* _Work request_
Restate word for word the lines from the one bearing "Refresh availabilityGucci White" through the end of the entries below, and leave every picture out.

***** Data to process

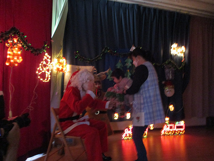 サンタさんからプレゼントをもらいました。0歳児のお友だちもサンタさんをジーッとよく見ていました。
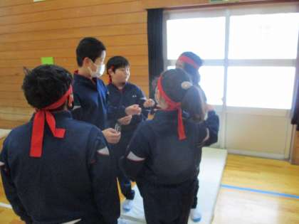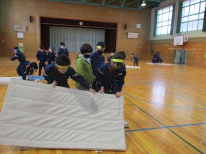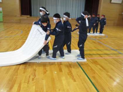 ルールは、チーム全員がマットから落ちないように、反対側の壁まで移動します。各団に分かれて作戦を考えて協力しながら取り組みました。白熱した戦いが繰り広げられ、体も心も体育館も熱くなりました。
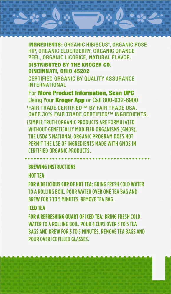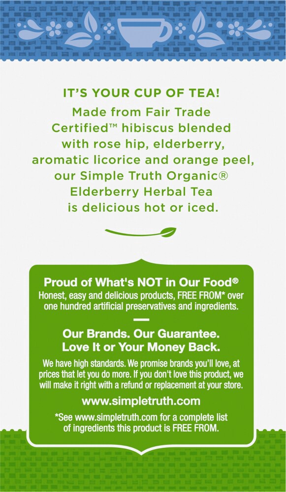 Simple Truth Organic® Elderberry Herbal Tea delivers a deliciously soothing blend, deeply infused with organic elderberry and balanced by the tartness of organic hibiscus and organic rose hip. Kissed …
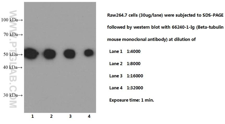 Beta Tubulin 抗体(anti beta Tubulin antibody)は、Beta Tubulin(βチューブリン)タンパク質を検出するマウスモノクローナル抗体およびポリクローナル抗体です。ウェスタンブロットのローディングコントロールとしても有用です。
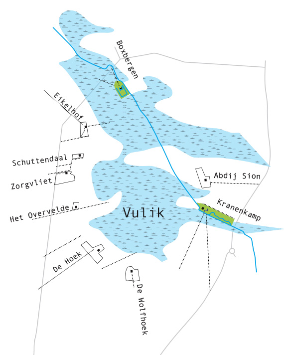 Landgoed De Kranenkamp is één van de landgoederen rond het lager gelegen – voormalige – moerasgebied. Water speelt in het landgoed een grote rol.
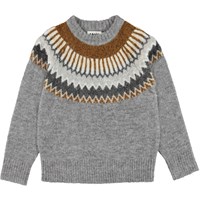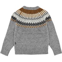 Bae er en grå strikbluse med mønster for oven og med inspiration fra de traditionsrige islandske sweatre.
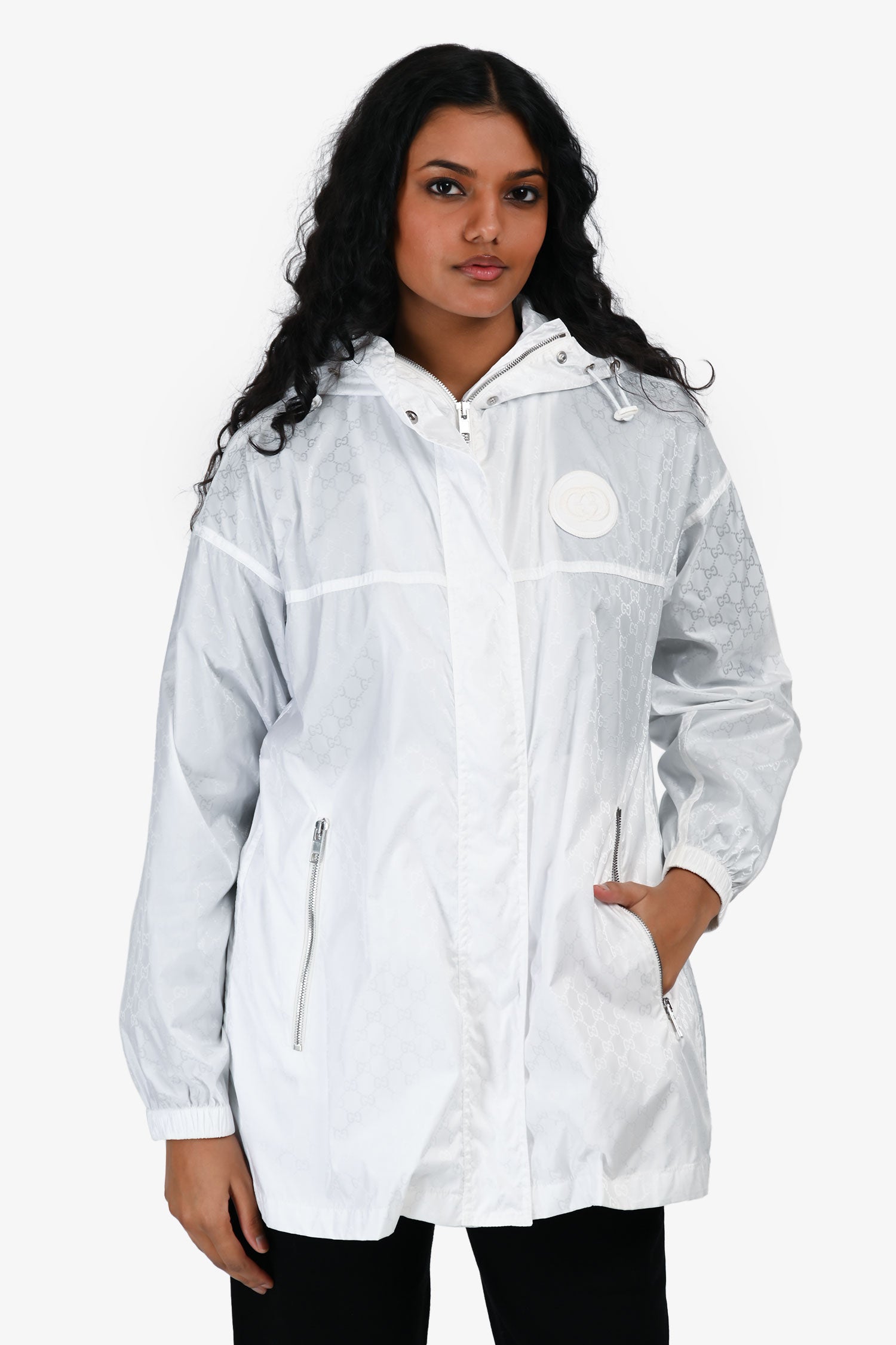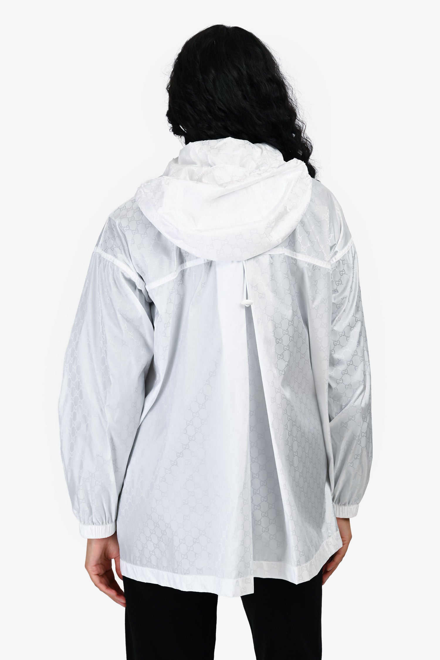 Refresh availabilityGucci White GG Monogram Windbreaker. Slip-on. Front 2-way zip closure. Cinch cord on the collar. 2 front zip pockets. Elasticized cuffs. Silver-tone hardware. Tonal stitching.
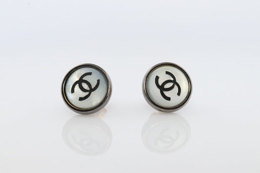 أقراط شانيل. أقراط دائرية من MOP CHANEL باللونين الأبيض والأسود. أقراط مرصعة. أزرار مرصعة.
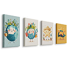 Celestial Garden Set of 4 Gallery Wrapped Canvas by Dancing Littles Jungle - Size 8x10 Inch
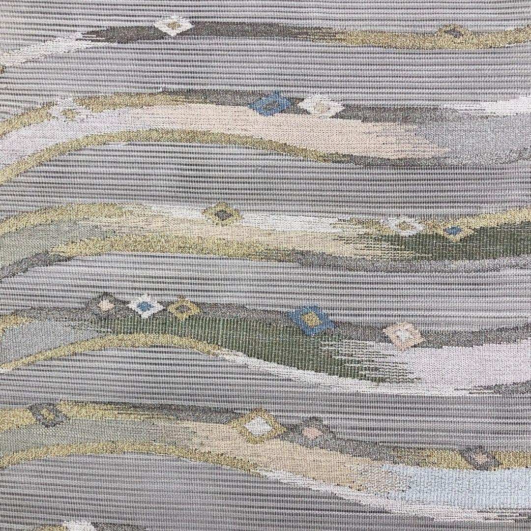 夏帯 袋帯 絽 抽象曲線模様 絹鼠色 O-5088 着物 きもの kimono 和服 和装 中古 リサイクル着物 【送料無料】
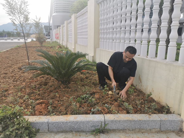 “大家伙加把劲,让我们用自己的劳动将派出所院内装扮好!”
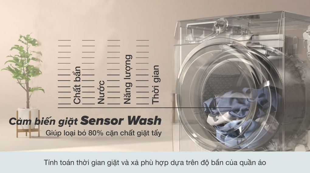 Loại bỏ đến 49 loại vết bẩn nhờ công nghệ Sensor Wash với cảm biến AI
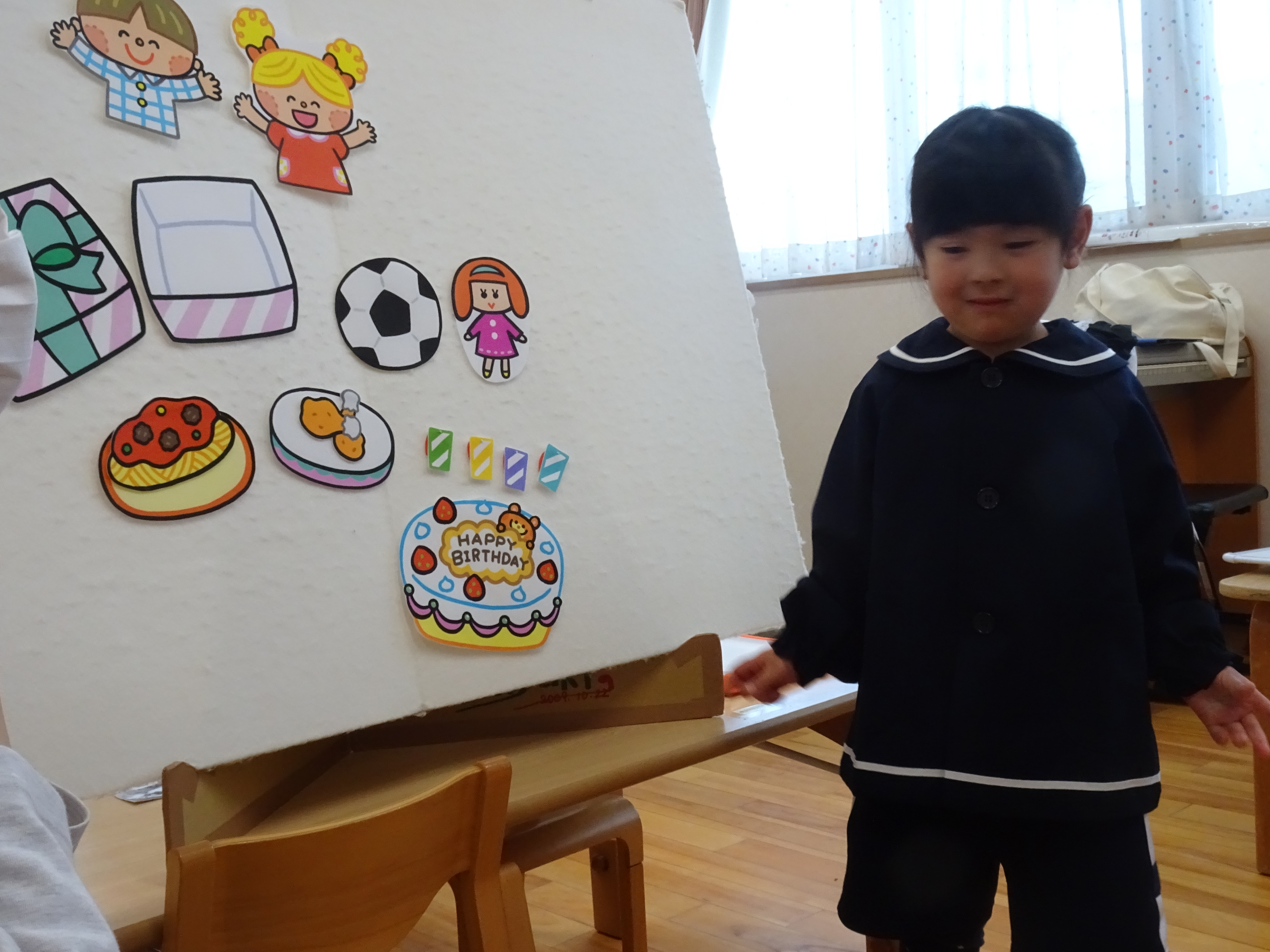 今日は11月30日にお誕生日を迎えたAちゃんのお誕生会をしました Aちゃんに前に出てインタビューに答...

**********

* _Task response_
 Refresh availabilityGucci White GG Monogram Windbreaker. Slip-on. Front 2-way zip closure. Cinch cord on the collar. 2 front zip pockets. Elasticized cuffs. Silver-tone hardware. Tonal stitching.
 أقراط شانيل. أقراط دائرية من MOP CHANEL باللونين الأبيض والأسود. أقراط مرصعة. أزرار مرصعة.
 Celestial Garden Set of 4 Gallery Wrapped Canvas by Dancing Littles Jungle - Size 8x10 Inch
 夏帯 袋帯 絽 抽象曲線模様 絹鼠色 O-5088 着物 きもの kimono 和服 和装 中古 リサイクル着物 【送料無料】
 “大家伙加把劲,让我们用自己的劳动将派出所院内装扮好!”
 Loại bỏ đến 49 loại vết bẩn nhờ công nghệ Sensor Wash với cảm biến AI
 今日は11月30日にお誕生日を迎えたAちゃんのお誕生会をしました Aちゃんに前に出てインタビューに答...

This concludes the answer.